Я ненавижу себя за одну мысль об этом, но не хочу вас обманывать.
И, думаю, неважно, из-за чувства вины или из любви я стану в будущем заботиться о Джейкобе, потому что заботиться я буду в любом случае.
Просто приятно, если бы кто-нибудь поинтересовался!

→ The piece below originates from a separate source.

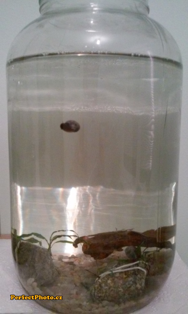 jednej katastrofe som sa vsak uz stihol vyhnut, a to akvarium este nieje ani zalozene ... v 4L pohari, kde si zatial nechavam rast machy co som kupil na burze v decembri, sa mi objavili 2 monstra : lasturnatky (iny druh ako mam v 54ke) a nezmar zeleny :D toho nezmara tam je zrazu tolko, ze sa neda spocitat

Мама Спатакопулус стоит в дверях моей конторы-жилища с блюдом дня.
— У нас осталось чуточка ригатони, — говорит она. — А вы так много работаете, что худеете с каждым днем.
Я смеюсь и принимаю из ее рук контейнер. Пахнет невероятно, и Тор начинает прыгать у моих ног, чтобы я не забыл и ему дать положенный от щедрот кусочек.
— Спасибо, миссис С., — благодарю я, а когда она разворачивается, чтобы уйти, окликаю ее. — Послушайте, какую вы знаете еду желтого цвета?
Я думал о том, что Эмма кормит Джейкоба по цветовой схеме. Черт! Я думал об Эмме. Точка.
— Вы имеете в виду, например, омлет?
Я щелкаю пальцами.
— Именно! — восклицаю я. — Омлет со швейцарским сыром.
Она хмурится.
— Хотите, чтобы я приготовила вам омлет?
— Нет, черт возьми! Я обожаю ригатони.
Не успеваю я закончить, как звонит мой телефон. Я извиняюсь и спешу внутрь, чтобы снять трубку.
— Контора Оливера Бонда, — говорю я.
— Возьмите на заметку, — отвечает Хелен Шарп, — что эта фраза звучит более эффектно, если нанять человека, который бы ее произносил.
— Секретарша… только-только отошла в уборную.
Моя собеседница хмыкает.
— Конечно, а я — мисс Америка.
— Мои поздравления. — Мой голос сочится сарказмом. — И какой у вас талант? Жонглируете головами адвокатов?
Она пропускает мои слова мимо ушей.
— Я звоню по поводу слушания о мере пресечения. Вы вызвали в суд Рича Метсона?
— Детектива? Я… да.
Кого еще я должен был вызвать в суд, когда подавал ходатайство об исключении из материалов дела признания Джейкоба, которое он сделал в полицейском участке?
— Вам нет необходимости вызывать его. Мне тоже нужен Метсон, и я была первой.
— Что значит «первой»? Это мой иск.
— Знаю, но это одно из тех запутанных дел, когда, даже если ходатайство подает защита, бремя доказательств все равно лежит на обвинении, и мы обязаны предоставить все улики, чтобы доказать, что признание имеет законную силу.